Don Kiely is a featured instructor on many of our SQL Server and Visual Studio courses. He is a nationally recognized author, instructor and consultant who travels the country sharing his expertise in SQL Server and security.

SQL Server Security: The Threats

cloud-security

Relational databases are used in an amazing variety of applications with connections from a dizzying array of clients, ranging from handheld devices to mainframe Web service applications. This activity exposes data over widely distributed networks, particularly the Internet, which makes it accessible to almost anyone, anywhere. The databases hold a significant portion of human knowledge, including highly sensitive personal information and critical data that makes international commerce work.

These characteristics make databases attractive targets for people who want to steal data or harm its owner by tampering with it. Making sure that your data is secure is a critical part of installing and configuring SQL Server and developing applications that use it to store data.

SQL Server has everything you need to secure your server and data against today’s sophisticated attacks. But before you can use these security features effectively, you need to understand the threats you face and a few basic security concepts.

The Threats

Identifying threats to a particular set of data and its server is an important first step in understanding how to configure and use SQL Server to protect the data. A database you create to manage your grade school soccer team’s equipment inventory probably doesn’t require heavy security measures. You’ll probably want to provide at least minimal access control so that a team member can’t just randomly change the record of who has which box of soccer balls.

On the other hand, if the database has personal data about the minors on the team, such as home addresses and phone numbers, you’ll probably want to step up security protections (and may be legally required to do so). You might protect the privacy of the data by segregating access so that almost anyone with access to the database can change the equipment data but only a select few can access the personal data. If the data includes mom and dad’s credit card number, you’ll need to go to extreme lengths to protect that data.

TIP: Sometimes the best way to protect data is simply not to put it in the database—for example, credit card numbers.

The following list is a sample of the kinds of threats your data may be susceptible to, but it is by no means an exhaustive list. Plenty of resources are available on the Web that can help you analyze the risks for your specific situation. This list is intended to help you start thinking about threats and how to use the features of SQL Server to counter them or at least reduce your data’s exposure to them.

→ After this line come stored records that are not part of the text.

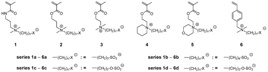 Examples of zwitterionic methacrylic and styrenic sulfobetaine (series a–b) and sulfabetaine (series c–d) monomers studied: Series a = 3-ammonio propanesulfonates, series b = 4-ammonio butanesulfonates, series c = 2-ammonio ethylsulfates, and series d = 3-ammonio propylsulfates.
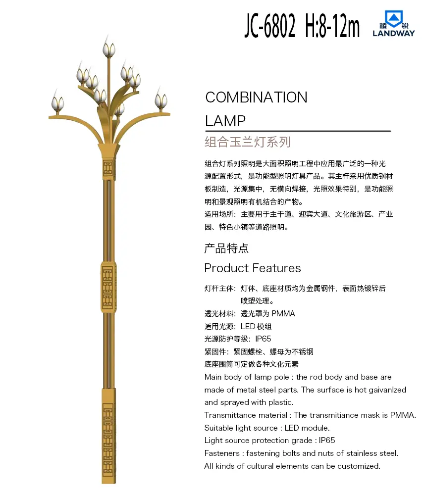 适用光源:LED模组紧固件:紧固螺栓、螺母为不锈钢底座围筒可定做各种文化元素适用场景:主要用于主干道、迎宾大道、文化旅游区、产业园、特色小镇等道路照明
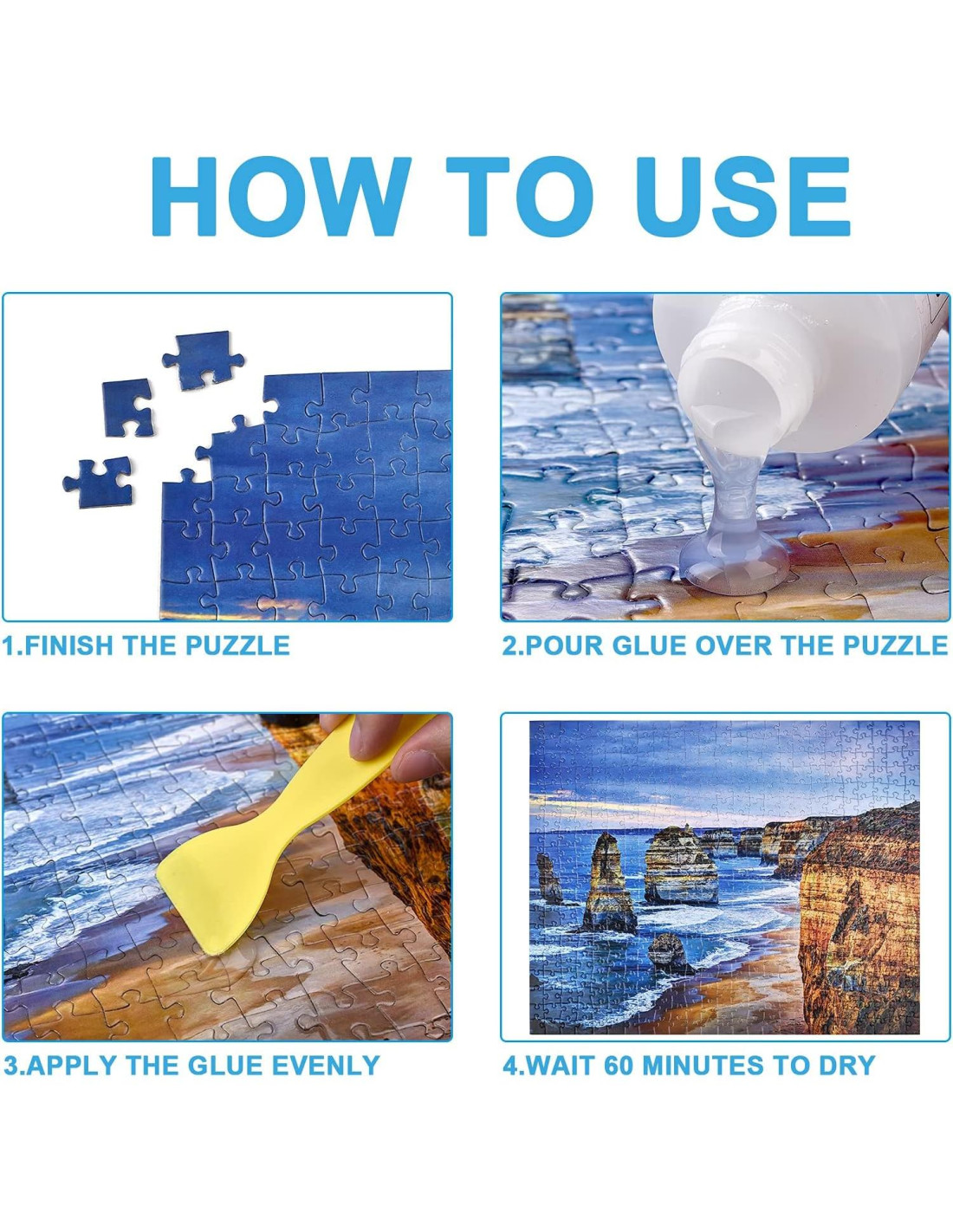 - [Excelente Calidad] Hemos mejorado la fórmula del pegamento. Después de aplicarlo, tu rompecabezas puede seguir luciendo brillante y no se oscurecerá. La espátula te ayuda a aplicar el pegamento de manera uniforme y rápida, lo que es simple y conveniente.
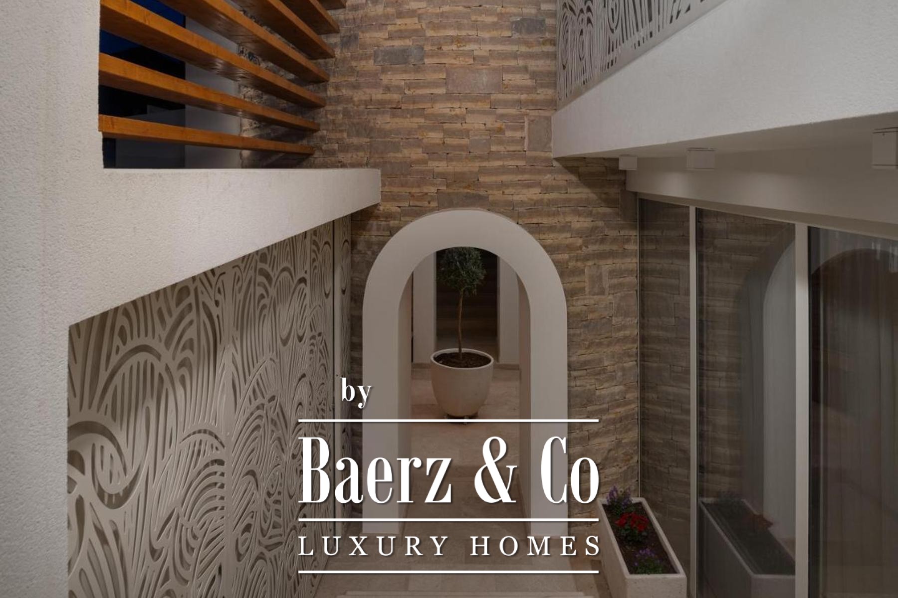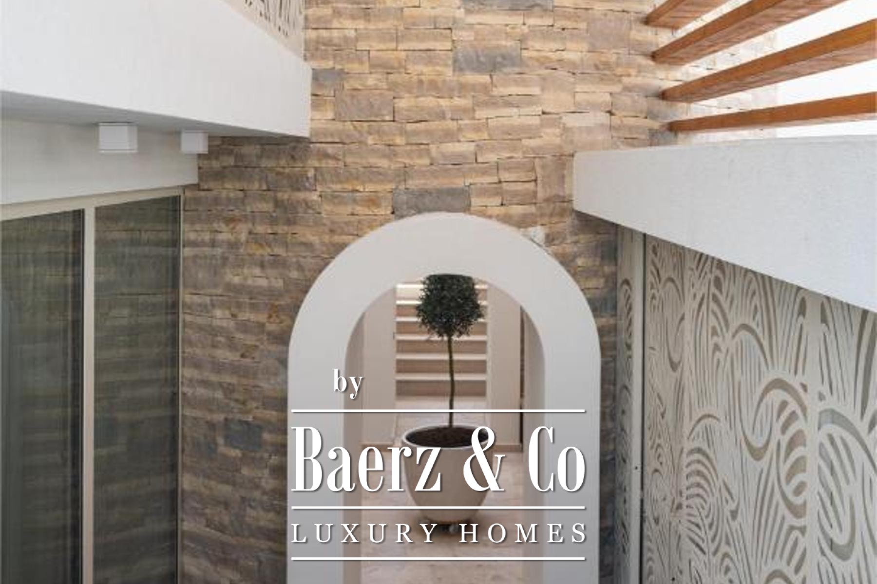 De entree wordt gemarkeerd door een stijlvolle trap aan de zuidwestzijde, die leidt naar een ruimtelijke en open ontvangsthal. Op de begane grond staat het open woonconcept centraal, met een designerkeuken met centraal kookeiland, een eetruimte voor sociale momenten en een comfortabele lounge. Schuifdeuren verlengen het woongedeelte naar het zonovergoten terras en het zwembad, waardoor binnen en buiten naadloos in elkaar overlopen. De voorzieningen maken het dagelijks leven compleet: een gastentoilet, volledig uitgeruste wasruimte, sfeervolle wijnkelder, wellnessruimte met jacuzzi en sauna, en een moderne fitnessstudio.
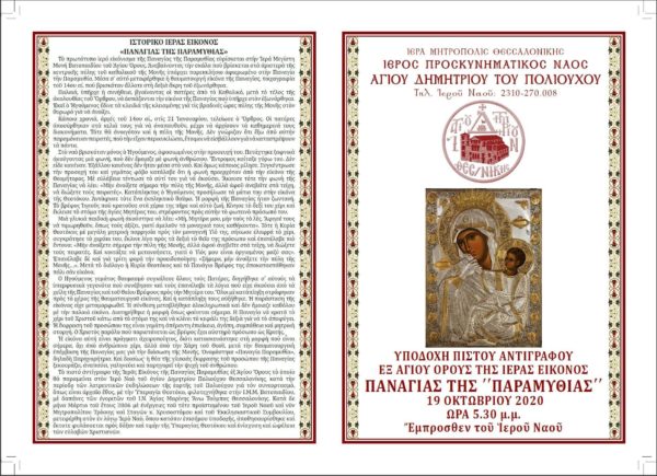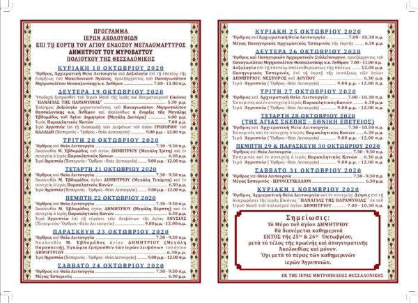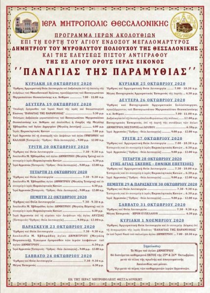 Ξεκινάνε τα “Δημήτρια” για τους φετινούς πανηγυρικούς εορτασμούς στην Ιερά Μητρόπολη Θεσσαλονίκης από την Κυριακή 18 Οκτωβρίου. Ο Άγιος Δημήτριος είναι ο πολιούχος της πόλεως ενώ για τους φετινούς εορτασμούς θα πραγματοποιηθεί και η υποδοχή πιστού αντιγράφου εξ Αγίου Όρους της Ιεράς Εικόνος της Παναγίας της “Παραμυθίας” ενώ το μύρο του Αγίου Δημητρίου του Μυροβλήτη θα διανέμεται καθημερινά μέχρι τις 24 Οκτωβρίου.
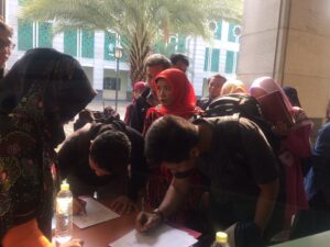 Anggota SLiMS Jakarta bersama Kepala Divisi Infokom (tengah) dan Kepala Perpustakaan JIC, Niswati Fatimah, S.IP (tengah pink)Foto Besama Seluruh Peserta Sinau Bareng Pustakawan Penjuru Nusantara
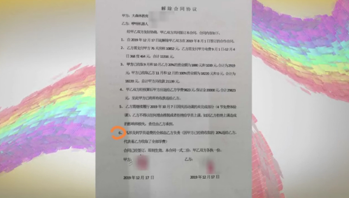 在大森林教育综合体提供的与咿呀机器人2019年12月17日签订的解除合同协议中第6点可以看到,双方就学员退费问题已经达成一致,将全部事项交由乙方咿呀机器人负责。但是对于大森林教育综合体负责人对双方就合同达成协议的说法,咿呀机器人机构负责人并不认同。
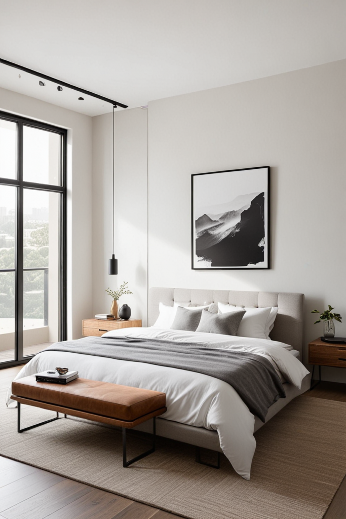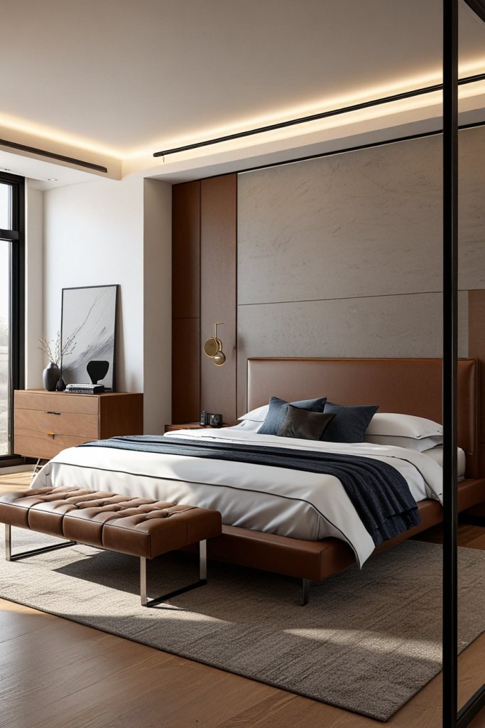 A mixture of different textures is essential when attempting to achieve depth or contrast in a modern masculine bedroom. Smooth leather, rugged wood, and soft textiles introduce interesting contrasts and improve the visual complexity of both modern furniture and contemporary decor. As a result, a dynamic space is created in which every surface aids in achieving an engaging as well as a balanced design.
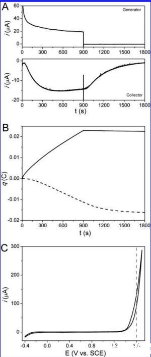 我們在此重點描述使用集電極-發生器雙工作電極裝置明確測定O?生成法拉第效率的重要實驗細節和技術考慮因素。具體而言,將描述使用未修飾的FTO電極進行氧還原,并定義用于靈敏檢測O?的電壓窗口和條件。將描述使用高離子強度溶液以避免工作電極之間的電容干擾,以及確定在此使用條件下C-G池的典型收集效率。
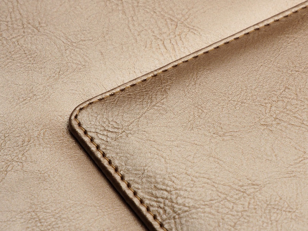 Ekokůže s jemnou strukturou přírodní kůže. Hřejivá a kožená na dotek. Pod reliéfem nemění barvu a vytváří diskrétní efekt loga.
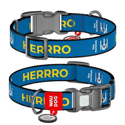 WAUDOG Nylon dog collar with QR pet tag, "Patron" design, metal fastex
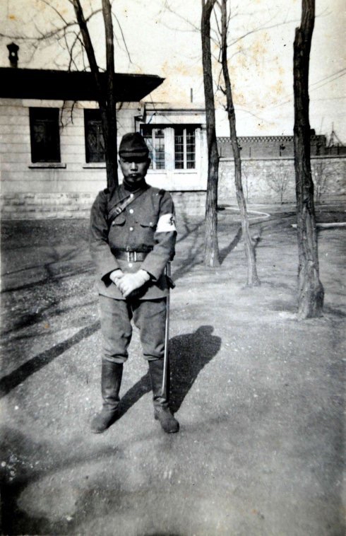 1937年日本士兵站宪兵队门前合影双手抄口袋一副小人得志嘴脸
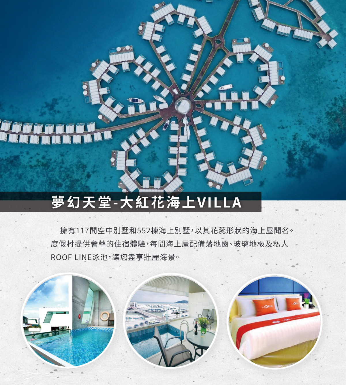【大紅花海上泳池VILLA】奢華時尚海上渡假村,唯一擁有珊瑚礁的海灣,空中俯瞰宛如一朵馬來西亞國花–大紅花(朱槿花),優雅地漂落海平面。美麗的海灘,四周綠蔭成翠,蓋在浪花上,在這裏你可以近距離感受海風吹拂與潮聲的饗宴。 ◆全渡假村皆為兩張大床TWIN 尺寸183cm x 203cm
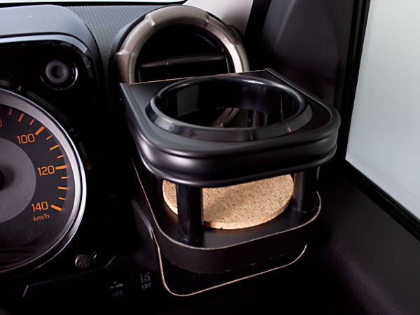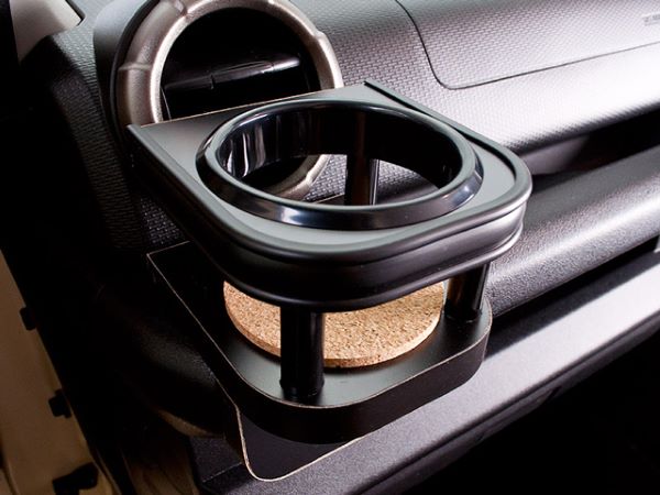 乗り始めて思う「純正ドリンクホルダー」の使いにくさ。純正ドリンクホルダーにドリンクを置いて運転するのは少し危険です。そこで!使いやすさを重視した専用タイプのドリンクホルダーを開発。エアコンからの冷風/温風でドリンクの保冷もOK!カラーを室内色に合わせブラックに統一し、後付感を軽減。純正のボルト穴を使用し付属の専用ボルトで固定するため、加工も一切必要ありません。
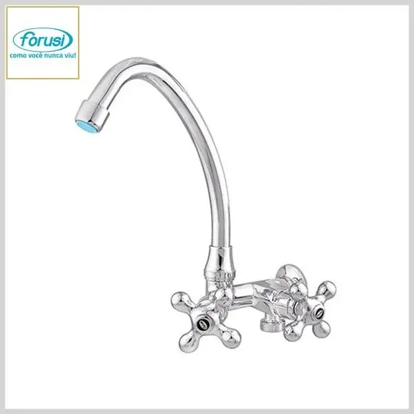 Torneira de Cozinha 3159 BelleEpoque Mvs Luxo Parede Bica Móvel Cromado c/Saída LavaLouças - Arejador Fixo, Volante Metal - Forusi
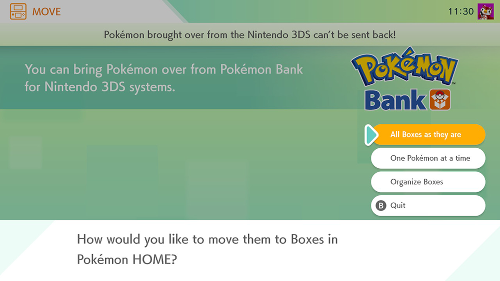 After the move has been completed, the next time you open Pokemon Home, you’ll be asked how you would like to organize your transferred boxes into Pokemon Home. Select “All boxes as they are,” “One Pokemon at a time,” or “Organize Boxes,” depending on how you want this to work.
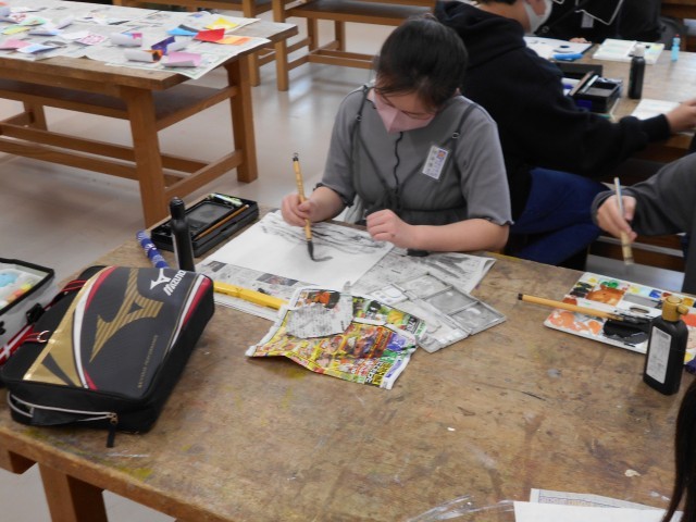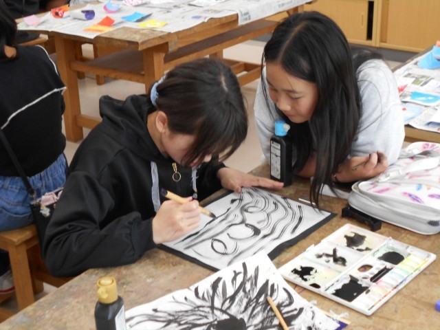 想像を膨らませながら、思い思いに水墨画を描きました。模様や生き物、風景など様々な作品ができました。

  • Theft of data: Theft of data covers various types of unauthorized access to your data, whether by an outsider hacking into your network or an insider scanning for dirt on famous people. It may involve the thrill of reading forbidden information or be motivated by the sale of stolen credit card numbers.
  • Data vandalism: A hacker who gains access to your data can change it, which can cause a whole range of problems, from public embarrassment to shutting down your entire operation when all of your customer records are deleted.
  • Protecting data integrity: One of the biggest benefits of storing data in a relational database is that the database can help protect the integrity of the data. Data integrity includes mandating that every order have an associated customer, that a date stored in a date field really represents a calendar date, and that a percentage field contains only values between 0 and 100. Data integrity probably isn’t the first thing you think of in connection with security, but it is an important part of protecting your data.
  • Illegal storage: In the past, the data you collected during the course of business was your own business. But now myriad federal laws exist in the U.S., throughout the European Union, and other countries that control the kinds of personal data you can store, how you store it, and how you protect it. The penalties for violations can be severe—both monetary penalties and damage to the public image of your company. This is less a threat to data than a threat to your organization.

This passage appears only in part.